As ameaças, segundo o ex-governador, ocorreram depois da prisão dos acusados de assassinar Marielle Franco. Witzel lembrou que o porteiro do Condomínio Vivendas da Barra, onde o presidente da República mora, depôs à Polícia Civil do Rio durante a investigação, e nesse depoimento afirmou que, no dia do crime, um dos acusados pelos assassinatos, o ex-PM Élcio Queiroz, teria informado que iria na Casa 58, do “Seu Jair”. Posteriormente, o porteiro mudou o depoimento.

“O porteiro, uma pessoa simples, prestou depoimento à Polícia Civil. Logo depois, o ministro Moro, de forma criminosa, lamentavelmente, requisita um inquérito para investigar crime de segurança nacional, porque o porteiro depõe, prestou um depoimento para dizer que o executor da Marielle teria chegado no condomínio [Vivendas da Barra] e mencionado o nome do presidente. Se isso é verdade ou não, não é problema meu, não tenho nada com isso, eu não sou juiz e nem delegado do caso”.

Gabinete das sombras

O empresário Carlos Wizard Martins foi apontado como um dos membros mais influentes e um dos financiadores do gabinete paralelo e foi convocado para a CPI

Fabiano Accorsi/Divulgação

O empresário Carlos Wizard Martins foi apontado como um dos membros mais influentes e um dos financiadores do gabinete paralelo e foi convocado para a CPI

Fabiano Accorsi/Divulgação

Depois de muita discussão sobre a convocação ou não do secretário-executivo do Consócio Nordeste, Carlos Eduardo Gabas, os senadores da CPI da Pandemia rejeitaram, por seis a quatro votos, os requerimentos apresentados para seu testemunho ao colegiado. Foram aprovados nesta quarta-feira cinco requerimentos de transferência de sigilos, três de convocação e três de informação.
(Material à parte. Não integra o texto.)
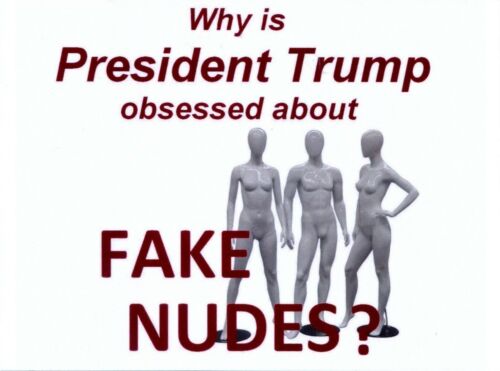 POSTCARD POLITICAL HUMOR WHY IS PRESIDENT TRUMP OBSESSED ABOUT FAKE NUDES?
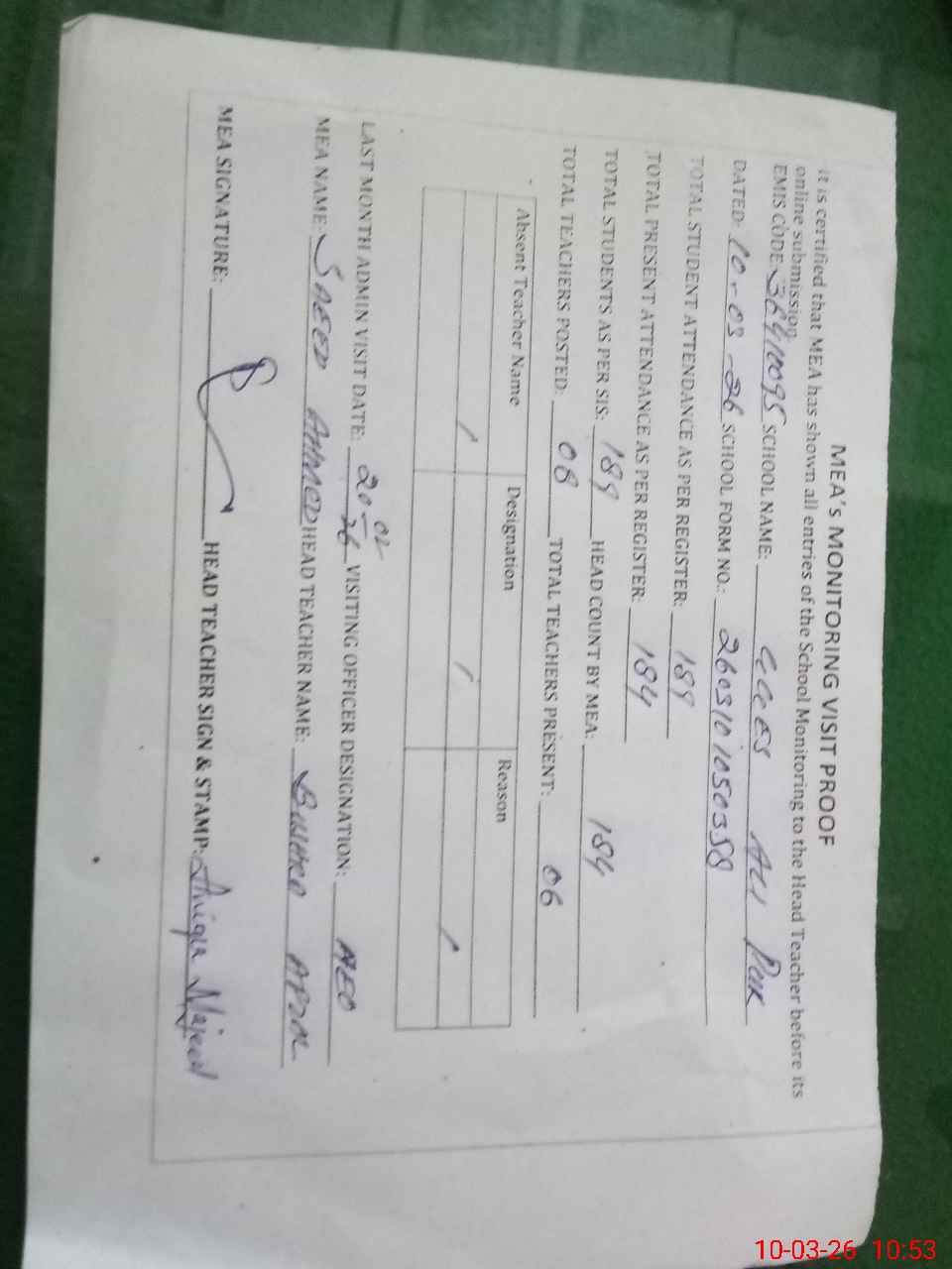 | Attendance Register | Head Teacher | MEA with School | Visit Proof |
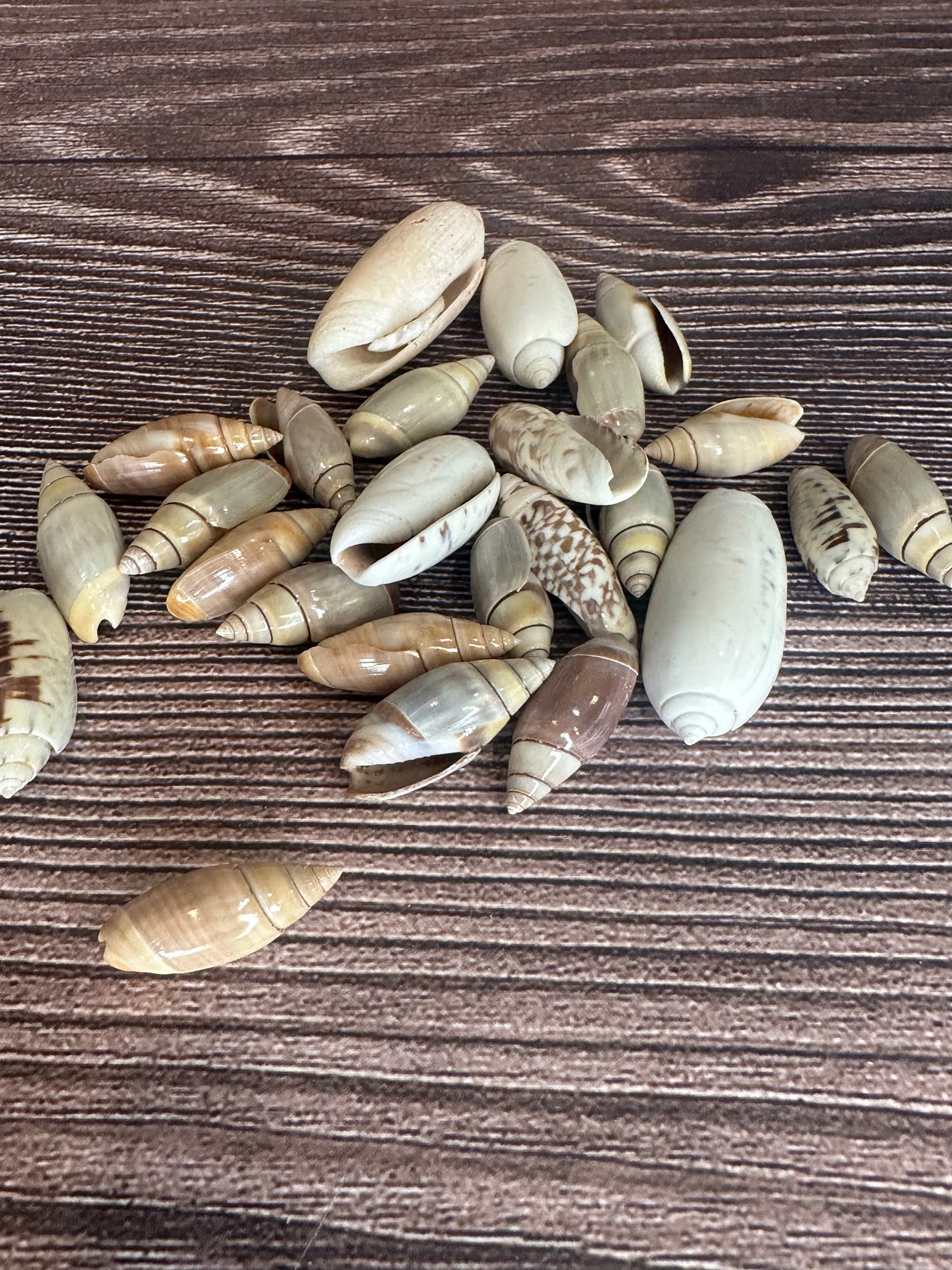 Bring a touch of the ocean to your creative projects with these beautiful Assorted Olive Shells. Ranging from 0.5" to 2" in size, these shells feature a variety of natural patterns and smooth, polished finishes, making them perfect for crafting, jewelry, home décor, and seashell art. With their elegant, glossy surfaces, these mixed-species shells add a coastal flair to any project.

Entre os requerimentos de transferência aprovados estão a quebra de sigilos telefônico, telemático, fiscal e bancário do empresário Carlos Wizard Martins, apontado como membro do “gabinete paralelo” um esquema ilegal de lobistas que interferiram no enfrentamento à pandemia por interesses econômicos. O empresário está sendo esperado para depor à CPI nesta quinta-feira, 17.

“Os trabalhos desta CPI já demonstraram a existência de um “gabinete das sombras” que ditaram os rumos da atuação do governo federal no combate à pandemia. Esse gabinete defendia a utilização de medicação sem eficácia comprovada, apoiava teorias como a da imunidade de rebanho e fez campanha contra as vacinas. O senhor Carlos Wizard Martins é um de seus membros mais influentes e um de seus financiadores”, afirma o vice-presidente da CPI, Randolfe Rodrigues (Rede-AP), autor do requerimento.

O colegiado também aprovou, a pedido de Rodrigues, as transferências de sigilo do presidente e da diretora da empresa Apsen Farmacêutica, respectivamente Renato Spallicci e Renata Farias Spallicci; do sócio da Precisa Medicamentos, Francisco Emerson Maximiano e do sócio da Vitamedic Indústria Farmacêutica, José Alves Filho.